8.1, 8.5, 8.6, 8.7, 8.8, 8.9 in Hyndman (https://otexts.com/fpp3/expsmooth-exercises.html)
library(caret)
library(corrplot)
library(dplyr)
library(e1071)
library(fable)
library(fpp2)
library(fpp3)
library(ggplot2)
library(GGally)
library(mlbench)
library(MASS)
library(purrr)
library(patchwork)
library(stats)
library(tsibble)
library(tidyr)
pigs <- aus_livestock %>%
filter(Animal == 'Pigs') %>%
filter(State == 'Victoria')
(a) Use the ETS() function to estimate the equivalent model for simple exponential smoothing. Find the optimal values of \(α\) and \(ℓ_0\), and generate forecasts for the next four months.
#Simple exponential smoothing
fit <- pigs %>%
model(ETS(Count ~ error("A") + trend("N") + season("N")))
# Optimal alpha = 0.3221247, l = 100,646.6
report(fit)
## Series: Count
## Model: ETS(A,N,N)
## Smoothing parameters:
## alpha = 0.3221247
##
## Initial states:
## l[0]
## 100646.6
##
## sigma^2: 87480760
##
## AIC AICc BIC
## 13737.10 13737.14 13750.07
#Forecast
fc <- fit %>%
forecast(h = "4 months")
fc %>%
autoplot(pigs) +
geom_line(aes(y = .fitted), col="red", data = augment(fit)) +
labs(title="Pigs Slaughtered in Victoria, Australia", subtitle = "4-Month Exponential Smoothing Forecast using ETS(A,N,N)")
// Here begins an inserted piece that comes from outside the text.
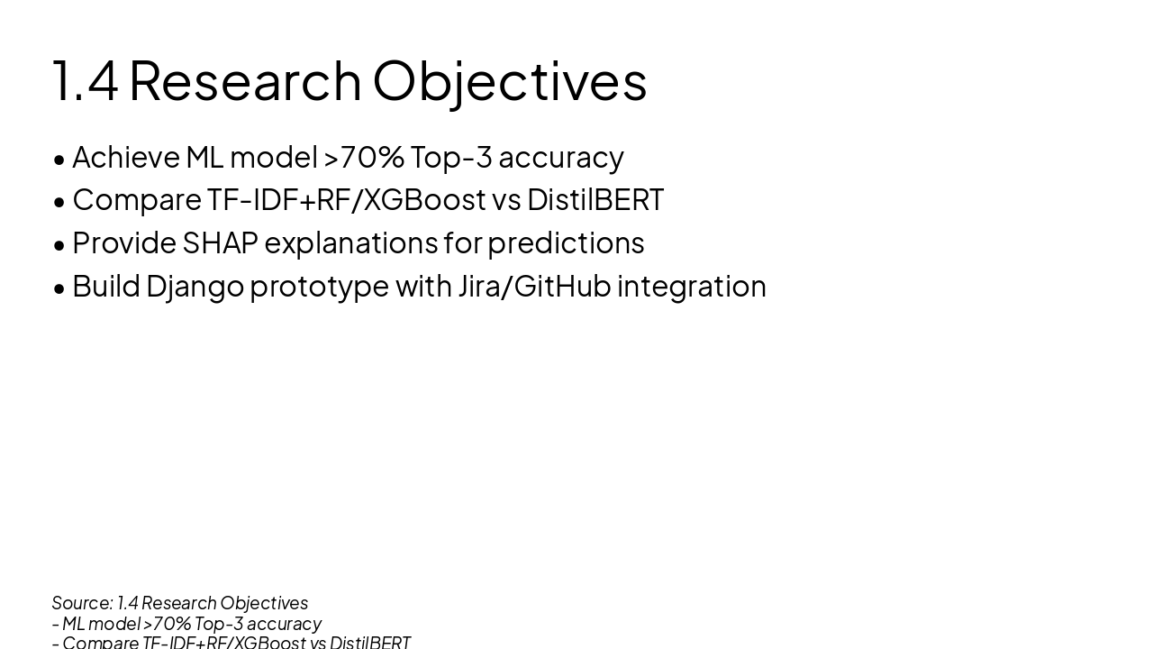 Proposes ML framework automating bug triage in agile Jira workflows using Spring dataset. Compares TF-IDF/XGBoost vs DistilBERT for >70% top-3 accuracy, SHAP explainability, addressing gaps in scalabi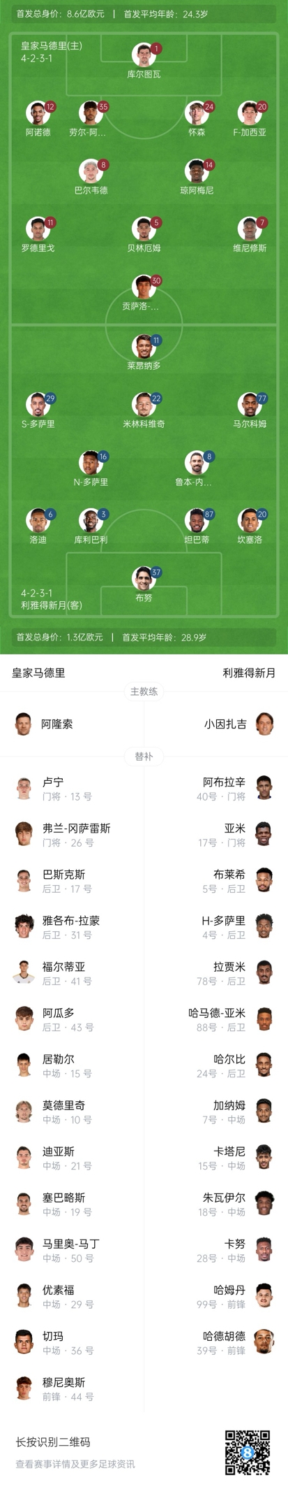 皇马首发:1-库尔图瓦、20-弗兰-加西亚、24-怀森、35-劳尔-阿森西奥、12-阿诺德、5-贝林厄姆、8-巴尔韦德、14-琼阿梅尼、7-维尼修斯、11-罗德里戈、30-贡萨洛-加西亚

Since there is no trend or seasonality within the data, simple exponential smoothing suffices here. The optimal value of \(α\) is 0.3221247 and \(ℓ_0\) is 100,646.6. Since \(α\) is closer to 0 than it is to 1, it means the forecast still considers prior data with heavy weight. The model chosen was ETS(A,N,N), so an additive error but no trend or seasonal components, thus the forecast will not change.
(b) Compute a 95% prediction interval for the first forecast using \(\hat{y}\) ± 1.96\(s\) where \(s\) is the standard deviation of the residuals. Compare your interval with the interval produced by R.
# first forecast
first_fc <- (fit |> forecast(h = 1)) |> pull(.mean)
# standard deviation
s <- sd(augment(fit)$.resid)
# 95% prediction interval
upper <- first_fc + 1.96 * s
lower <- first_fc - 1.96 * s
cat("95% Prediction Interval (Manual): [", lower, "," , upper, "] \n")
## 95% Prediction Interval (Manual): [ 76871.01 , 113502.1 ]
# R interval
interval <- fc %>%
hilo(95) %>%
pull('95%') %>%
head(1)
lower_bound <- as.numeric(gsub("\\[|\\]", "", strsplit(as.character(interval), ",")[[1]][1]))
upper_bound <- as.numeric(gsub("\\[|\\]", "", strsplit(as.character(interval), ",")[[1]][2]))
# Print the 95% prediction interval
cat("95% Prediction Interval (R): [", lower_bound, ", ", upper_bound, "]")
## 95% Prediction Interval (R): [ 76854.79 , 113518.3 ]
These two intervals are very close in terms of lower and upper bounds.
#Filter data
Mexico_exports <- global_economy %>%
filter(Country == "Mexico")
head(Mexico_exports)
## # A tsibble: 6 x 9 [1Y]
## # Key: Country [1]
## Country Code Year GDP Growth CPI Imports Exports Population
## <fct> <fct> <dbl> <dbl> <dbl> <dbl> <dbl> <dbl> <dbl>
## 1 Mexico MEX 1960 13040000000 NA 0.0129 11.7 8.51 38174112
## 2 Mexico MEX 1961 14160000000 5.00 0.0131 10.6 8.41 39394126
## 3 Mexico MEX 1962 15200000000 4.66 0.0133 10.1 8.57 40649588
## 4 Mexico MEX 1963 16960000000 8.11 0.0133 9.95 8.32 41939880
## 5 Mexico MEX 1964 20080000000 11.9 0.0137 9.85 7.63 43264272
## 6 Mexico MEX 1965 21840000000 7.10 0.0141 9.52 7.63 44623043
(a) Plot the Exports series and discuss the main features of the data.
Mexico_exports %>%
autoplot(Exports) +
labs(y="% of GDP", title="Exports from Mexico")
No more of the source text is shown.